---------- RECORDS PROVIDED ----------

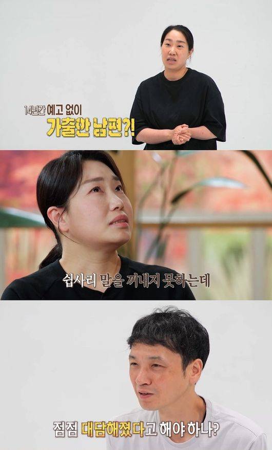 남편의 반복된 가출의 시작은 '술'이었다. 배관 설비와 철거 작업을 하는 남편은 육체적으로 고된 일이 끝나고 나면 동료들과 술을 마시는 것으로 스트레스를 푼다고. 이에 대해 남편은 "처음엔 외박 수준이었다. 술을 마시고 찜질방에서 자곤 했는데, 점점 대담해졌다. X 먹어 보라며 나간다"라고 당당하게 고백해 충격을 안긴다.
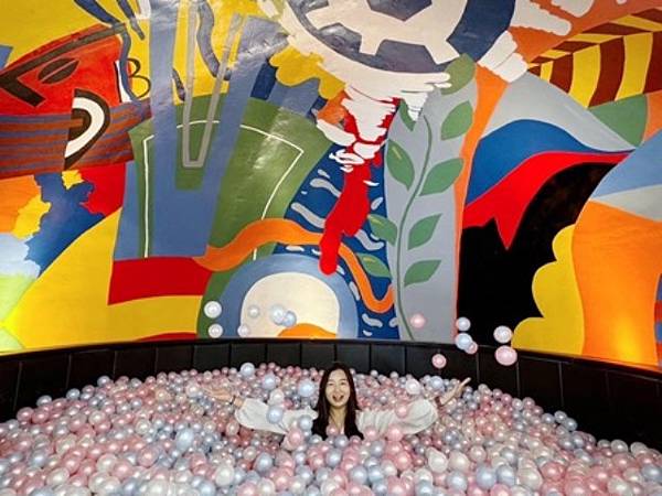 由15,000顆粉色及藍色的海洋球組成的夢幻球池,背景由三位國立高雄大學建築學系碩士班同學手繪創作,透過潑墨、不規則幾何、抽象元素結合不同色塊,呈現出巴塞隆納活力奔放的風格,不僅可以享受球池的樂趣,更是一個藝術氛圍拉滿的打卡熱點。
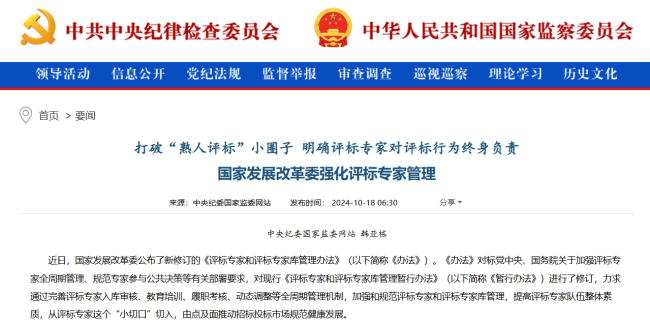 中央紀委國家監(jiān)委相關(guān)同志就《辦法》圍繞打破“熟人評標”小圈子,明確評標專家對評標行為終身負責等方面內(nèi)容進行解讀,內(nèi)容如下(有刪減):
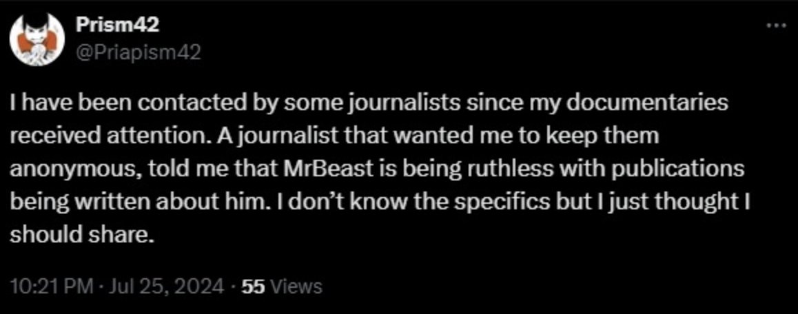 But I think that was the decision calculus here: rise in the ranks in terms of winning favor with MrBeast or lose a cushy job where you play on the internet for fun by exposing Chris, which gains him nothing other than "solidarity" with Chris' other victims.
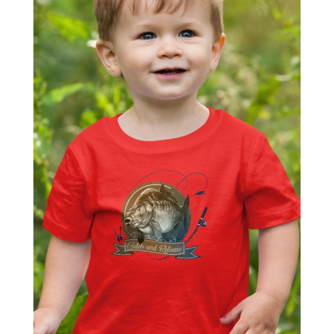 Horgász gyerek póló, Catch and Release. Kifogni és elengedni, ha a te rokonod, barátod is ezen az elven pecázik, tökéletes választás lehet születésnapjára egy ilyen sporthorgász gyerek póló. Szép és tartós grafikával ellátott 100% pamut póló a vízparton i
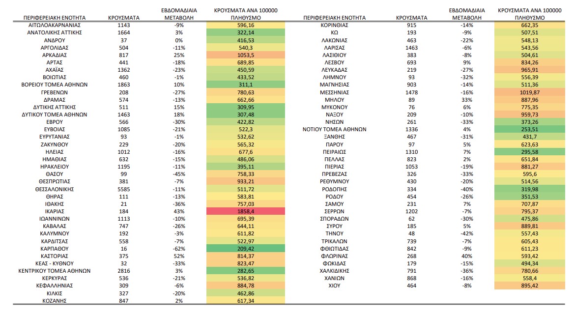 Κατανομή κρουσμάτων την εβδομάδα αναφοράς: Στο Πίνακα 1 παρουσιάζεται τo σύνολο των κρουσμάτων, η επίπτωση ανά 100.000 πληθυσμού καθώς και η εβδομαδιαία μεταβολή των επιβεβαιωμένων κρουσμάτων COVID-19 ανά περιφερειακή ενότητα την εβδομάδα αναφοράς σε σύγκριση με την  προηγούμενη εβδομάδα.
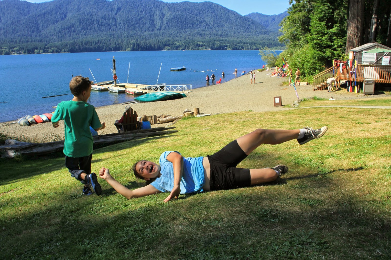 Sadly my sweet sister-friend Kevin stumbled in the dusky evening after the sunset and fell onto the road. She was determined to deal with her injuries by denying their existence. She had road rash from her forehead to her chin and felt pain in her arm. She didn't want to take from the upcoming wedding day but that morning I ended up driving her up to the ER in Forks. Her arm was bruised and it hurt her to move it. The doctor x-rayed and said it was fractured. They sent her back to camp in a sling with orders to see an orthopedic surgeon at her first opportunity. Kevin left for home, and 'real' medical treatment the day after the wedding.
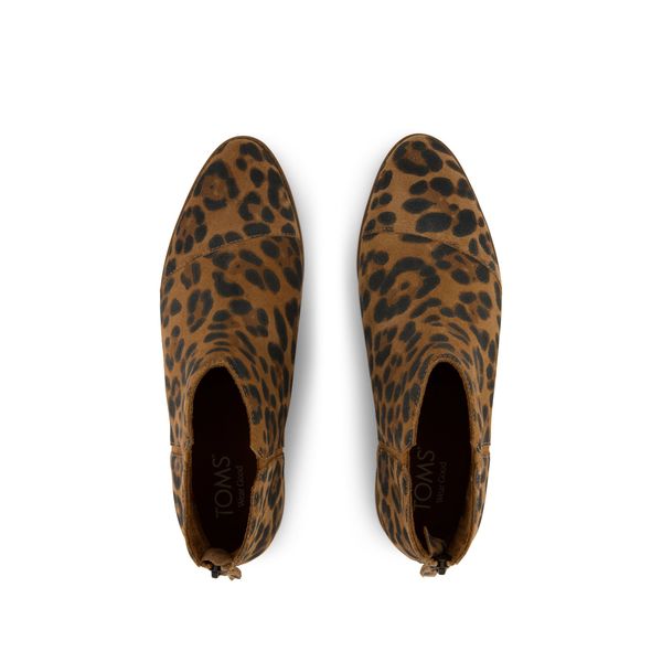 Stylish simplicity. The Rylie is a sleek, everyday ankle bootie designed with leopard-print suede uppers for a pop of personality, a handy heel zip for easy on/off and CloudBound™ insoles for all-day comfort. Leopard-print suede uppers. TOMS leather products support responsible manufacturing via the Leather Working Group.
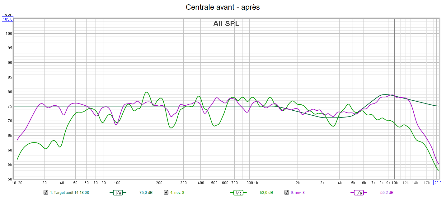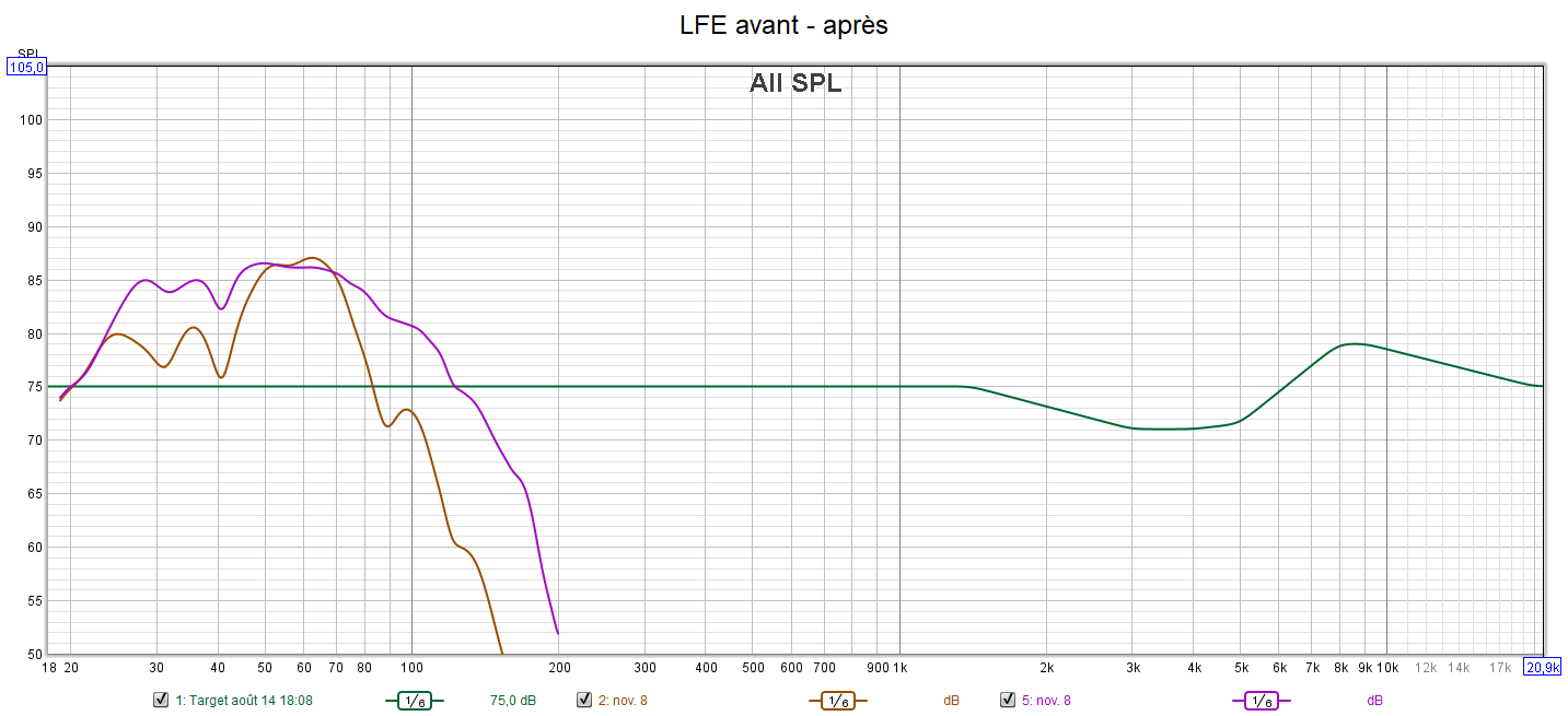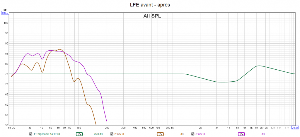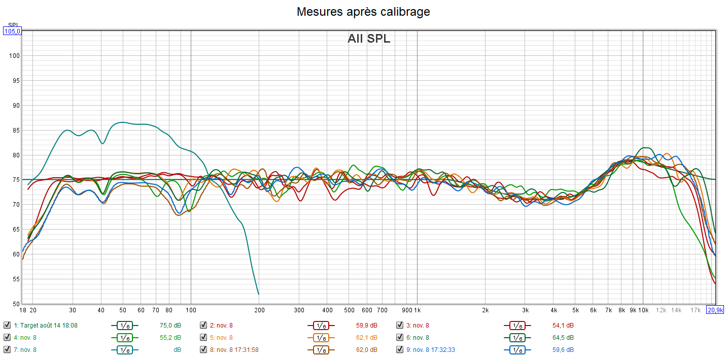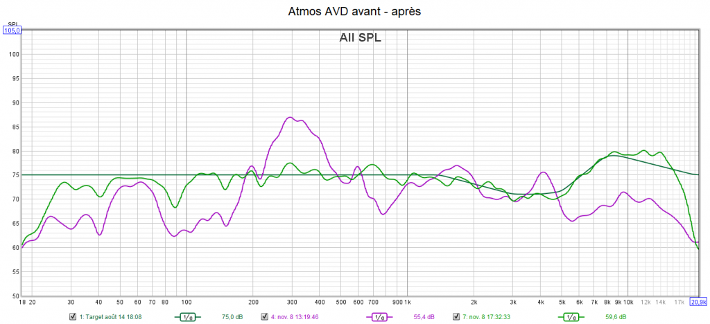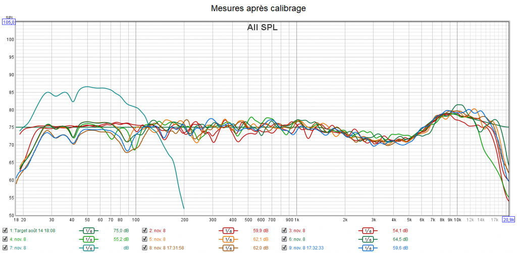 Après calibrage : la réponse des enceintes est incomparable et suit la courbe cible qui prend en compte la sensibilité de l’oreille suivant une extrapolation des courbes isosoniques de Flutcher et Munson. Le gain est important dans l’extrême aigu qui n’est pas du tout agressif. Tous les niveaux sont parfaitement ajustés. La réponse dans le grave est bien meilleure, mais le caisson ayant des capacités limités, les colonnes ont été mises en « grande » pour ne pas trop le charger. Cela est possible dans ce cas de figure car les colonnes descendent aussi bas en fréquence que le caisson. L’écoute est désormais optimisée, détaillée, bien spatialisée et la bulle sonore est homogène grâce à l’alignement précis des niveaux.
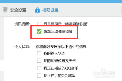 点击【游戏运动弹窗提示】,如图,框框是绿色的,则暗示我们开启了该弹窗提示哦~
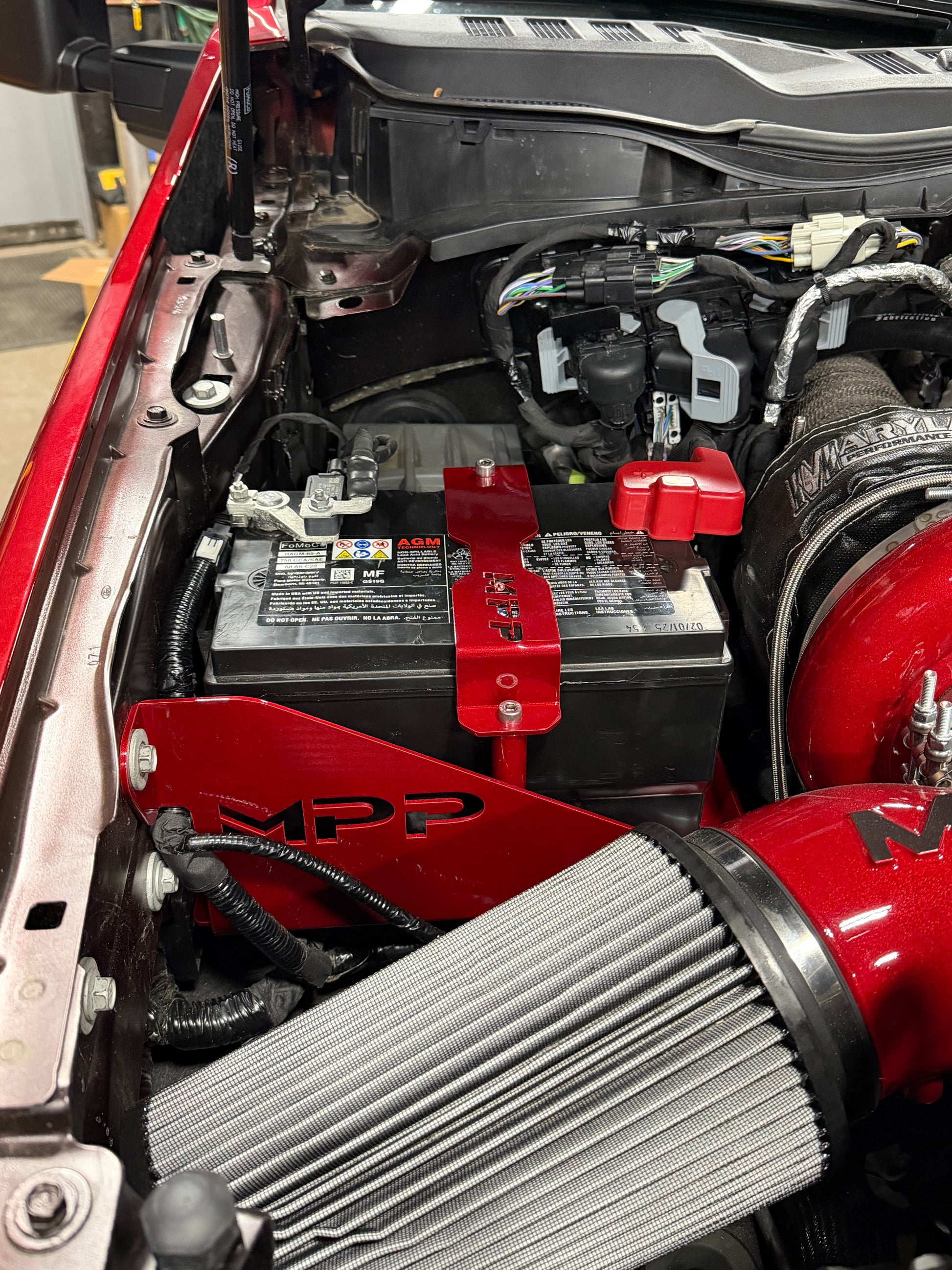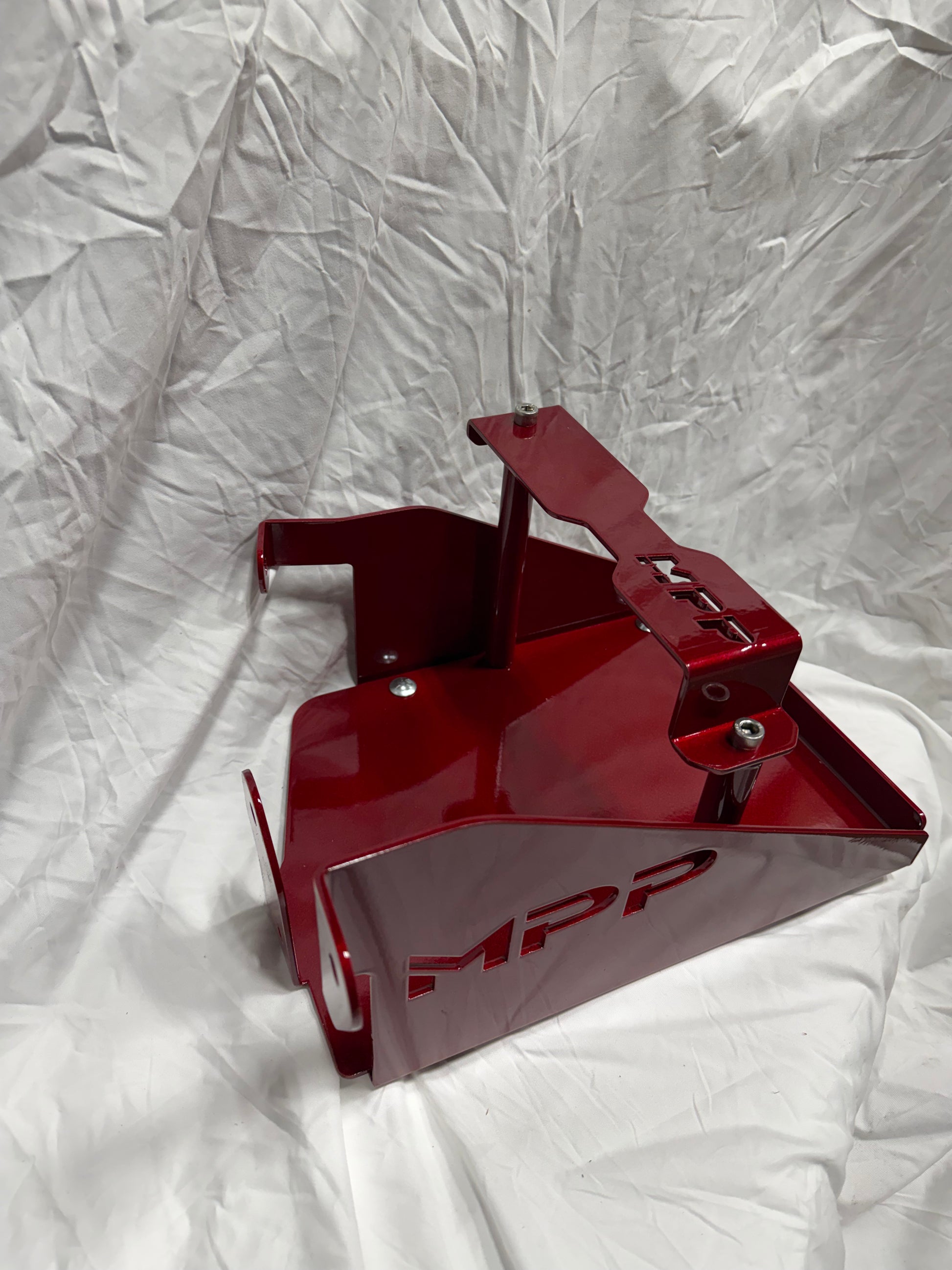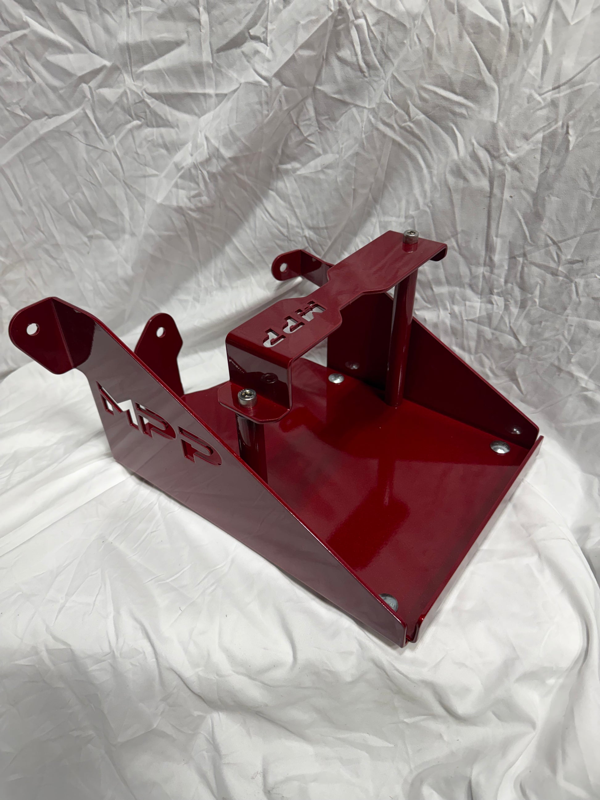 Our MPP 2023-26 Battery Tray is designed tuck your passenger battery into the corner tighter. This allows you to have more room when doing compounds and free up space. It also allows you to ditch that ugly plastic factory tray! Our MPP tray is made from Aluminum, and it includes the tray it self and battery hold down.
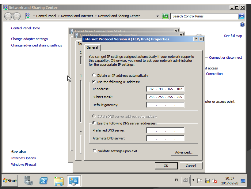 nie będzie chciało zapisać ustawień to wpisz chwilowo 255.255.0.0
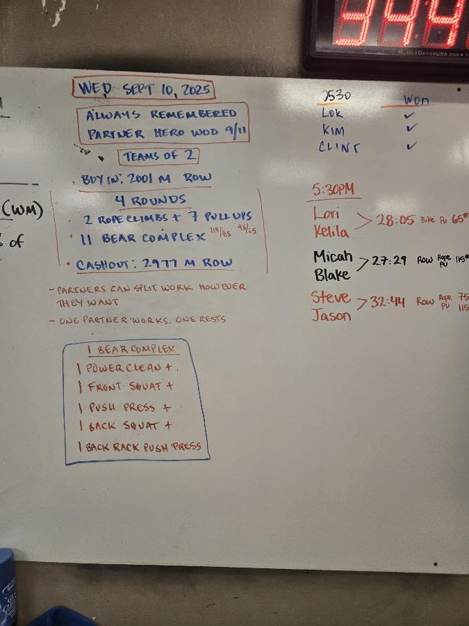 Always Remembered Partner HERO WOD(Time) 911 HERO WOD: 'Always Remembered' Teams of 2: Buy-In: 2001 Meter Row 4 Rounds: 2 Rope Climbs + 7 Pullups 11 Bear Complexes (115/85)95/65 Cash-Out: 2977 Meter Row Teammates can split up the work however they see fit. One partner works. One rests. If teammates are using different weights, it's ok to use 2 barbells 1 Bear Complex: 1 Power Clean + 1 Front Squat + 1 Push Press + 1 Back Squat + 1 Back Rack Push Press SUBSTITUTION: If you're not able to or are not comfortable bringing the bar behind your neck from overhead, complete the complex below: 1 Power Clean + 1 Front Squat + 1 Push Press + 1 Front Squat + 1 Push Press MEANING • “Always Remembered” is an annual workout done to honor those who lost their lives on 9/11/01 in the terrorist attacks in New York City • The 2001 meter row represents the year. • The 4 rounds represents the four planes. • The 2 Rope Climbs + 7 Pullups = 9 reps represents the month • The 11 Bear Complexes represent the day. • The 2977 meter row represents the lives lost BUY-IN ROW • Looking for quick bursts on the rowers while the other partner rests • Switching every 200 meters gets the work done in 5 sets each • Switching every 250 meters gets the workout done in 4 sets each BARBELL • Switching with your partner after a single repetition will likely be the most consistent option across all 4 rounds CASH-OUT ROW • Switching every 200 meters gets the work done in around 7-8 sets each • Switching every 250 meters gets the workout done in around 6 set |

----------

* _TASK STATEMENT_: When you reach the line that has "But I think" in the data above, start repeating lines exactly, and stop after the line that has "Stylish simplicity. The"; pictures stay out.

* _OUTPUT BELOW_:
 But I think that was the decision calculus here: rise in the ranks in terms of winning favor with MrBeast or lose a cushy job where you play on the internet for fun by exposing Chris, which gains him nothing other than "solidarity" with Chris' other victims.
 Horgász gyerek póló, Catch and Release. Kifogni és elengedni, ha a te rokonod, barátod is ezen az elven pecázik, tökéletes választás lehet születésnapjára egy ilyen sporthorgász gyerek póló. Szép és tartós grafikával ellátott 100% pamut póló a vízparton i
 Κατανομή κρουσμάτων την εβδομάδα αναφοράς: Στο Πίνακα 1 παρουσιάζεται τo σύνολο των κρουσμάτων, η επίπτωση ανά 100.000 πληθυσμού καθώς και η εβδομαδιαία μεταβολή των επιβεβαιωμένων κρουσμάτων COVID-19 ανά περιφερειακή ενότητα την εβδομάδα αναφοράς σε σύγκριση με την  προηγούμενη εβδομάδα.
 Sadly my sweet sister-friend Kevin stumbled in the dusky evening after the sunset and fell onto the road. She was determined to deal with her injuries by denying their existence. She had road rash from her forehead to her chin and felt pain in her arm. She didn't want to take from the upcoming wedding day but that morning I ended up driving her up to the ER in Forks. Her arm was bruised and it hurt her to move it. The doctor x-rayed and said it was fractured. They sent her back to camp in a sling with orders to see an orthopedic surgeon at her first opportunity. Kevin left for home, and 'real' medical treatment the day after the wedding.
 Stylish simplicity. The Rylie is a sleek, everyday ankle bootie designed with leopard-print suede uppers for a pop of personality, a handy heel zip for easy on/off and CloudBound™ insoles for all-day comfort. Leopard-print suede uppers. TOMS leather products support responsible manufacturing via the Leather Working Group.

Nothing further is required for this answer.